Colors are applied through the colorPreferences parameter on the visualize tool, or via natural language refinement with refine_visualization (using a specId from a previous call).

Named Palettes

categorical, blue, green, purple, warm
blueRed, greenPurple, tealOrange, redGreen
traffic-light, profit-loss, temperature

Highlight Mode

Specify values to emphasize — all others become muted gray. Custom highlight colors, muted color, and muted opacity.

Color Field

Override which data field drives color encoding. Automatically sets nominal type if not specified.

The applyColorPreferences() function mutates the spec's encoding.color before HTML generation.
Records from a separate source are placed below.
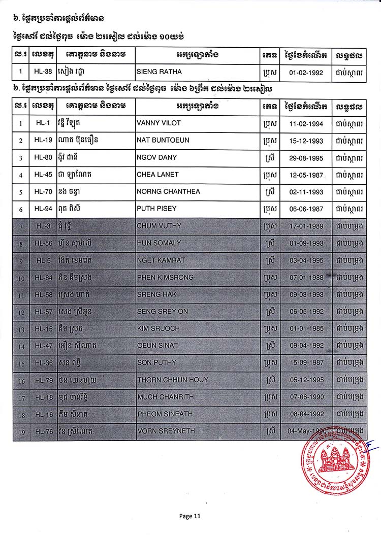 ← បញ្ជីរាយនាមបេក្ខជន-បេក្ខនារីដែលបានប្រឡងជាប់ជាស្ថាពរ និងជាប់បម្រុងការប្រឡងជ្រើសរើសបុគ្គលិកជាប់កិច្ចសន្យាចូលបម្រើការងារនៅ ប.ស.ស ឆ្នាំ២០១៨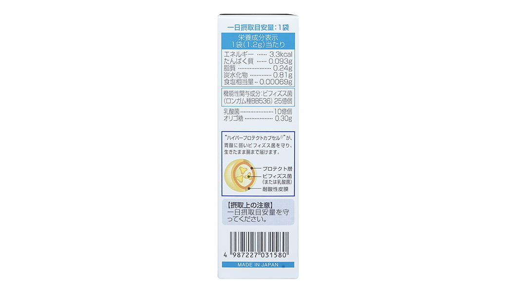 Lợi khuẩn Bifidobacterium: 2,5 tỷ cfu, Lợi khuẩn Lactobacillus: 1 tỷ cfu, Erythritol, chất béo và dầu ăn được, chất xơ oligosaccarit: 0,03g; gelatin; bột gaseri, glycerin, chất nhũ hóa, axit hóa, chất làm dày E440, hương sữa tổng hợp.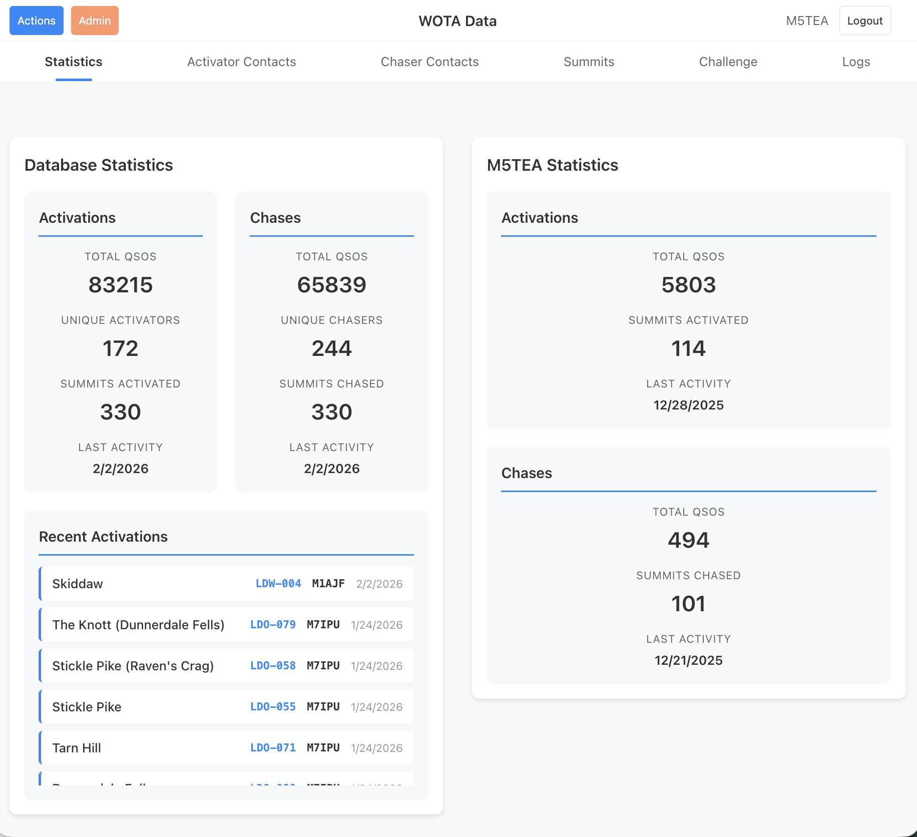 We’ve been working hard to make it easier for activators and chasers. The new WOTA Data application supports uploading of files in both ADIF and SOTA CSV format.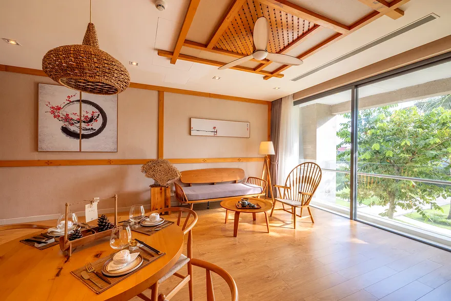 Hệ thống lưu trú “Nơi An Trú” (MM Living) bao gồm các căn hộ Suite rộng rãi từ $70 m^2$ đến $140 m^2$ với đầy đủ phòng khách, bếp hiện đại và xe đạp riêng, mang lại cảm giác của một ngôi nhà thứ hai thân thuộc. Các hạng phòng như Giao Hòa, Vườn Thong Dong, hay Bước Chân Thong Dong được thiết kế để kết nối trực tiếp với vườn thiền và hồ bơi, khuyến khích du khách tự chăm sóc bản thân qua những việc giản dị hằng ngày. Mỗi không gian đều được bảo trì kỹ lưỡng với chỉ số sạch sẽ và thoải mái được khách hàng đánh giá rất cao.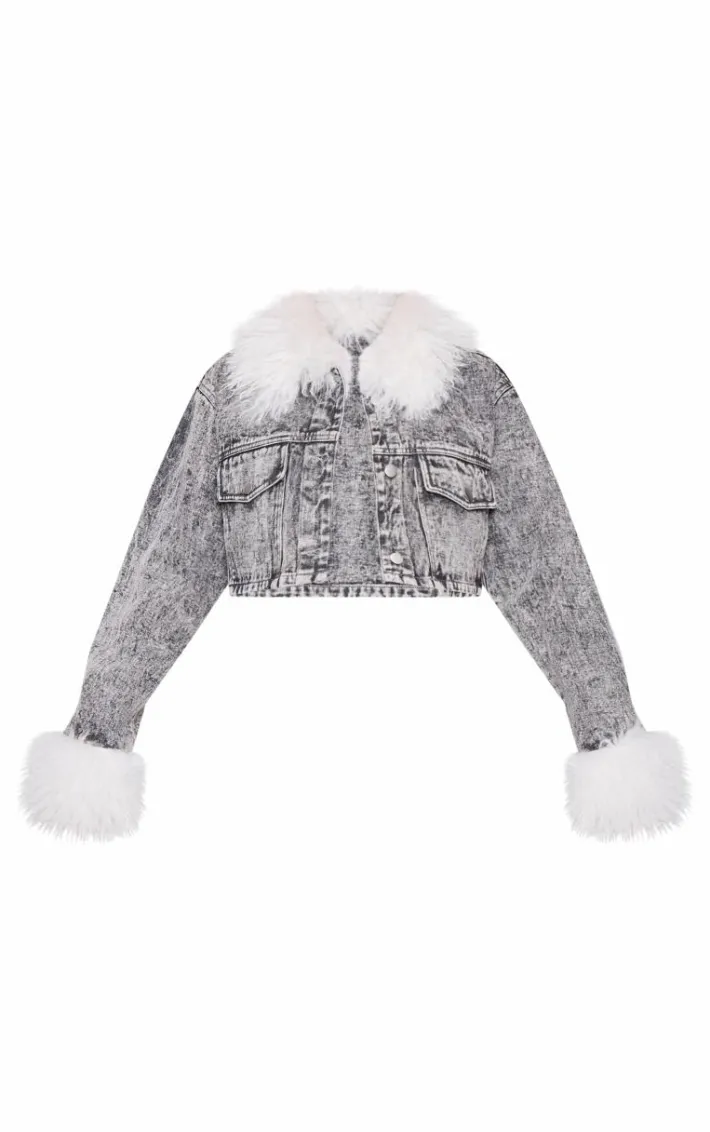 Opt for this petite washed black denim cropped jacket with fur trims for a new season statement. Brought to you in a must have washed black hue, with a denim material, cropped design and fur trim detailing, how can you not love? Style with the matching mini skirt and knee length boots for a look that won’t go unnoticed.

All palettes are WCAG AA compliant and tested for colorblind safety.

Data Privacy & Cache Management

Dolex runs entirely on your machine. No telemetry, no analytics, no data sent to Anthropic or any third party. This section explains what data the server holds and how to manage it.

What's in Memory

The MCP server is a long-lived process — it starts when Claude Desktop launches and stays running for the session. Data accumulates across tool calls and is automatically cleaned up by TTL-based expiration.

Spec Store

Cached visualization specs with embedded data. 1-hour TTL, max 100 entries. Background cleanup every 5 minutes.

Result Cache

Query results from query_data calls. 10-minute TTL, max 20 entries. Auto-evicted on access.

Loaded Sources

CSV data held in memory; Postgres/Mongo held as pooled connections. Persist until remove_data or server restart.

Inspecting & Clearing Data

Two tools give you visibility and control over cached data:

server_status

Shows cached spec count and total data rows, result cache size, connected sources, and server uptime. Use this to audit what's in memory before clearing.

clear_cache

Clears cached data by scope: "all", "specs", or "results". Use after working with sensitive data.

HTML Output

Every chart embeds its data as JSON in the HTML document for client-side rendering. Data is capped at 10,000 rows per view to limit exposure. The HTML lives in a sandboxed iframe and is not persisted by the MCP host.

Source Persistence

Loaded source definitions persist to ~/.dolex/sources.json automatically — a CSV path, or a database connection whose password is kept out of the file (read from an env var at connect time). Use remove_data to delete entries when done.

What Leaves Your Machine

Connection	What's Sent
`D3.js CDN (d3js.org)`	HTTP GET only — loads the D3.js charting library at render time
`Your own database (optional)`	Only if you connect a Postgres/Mongo source: Dolex sends queries to the database you configured — your own infrastructure, never a third party. CSV sources make no network connection at all.

No telemetry. No analytics. No data sent to Anthropic or any third party. Pattern selection, data processing, and chart rendering all happen locally in the Dolex server process on your machine.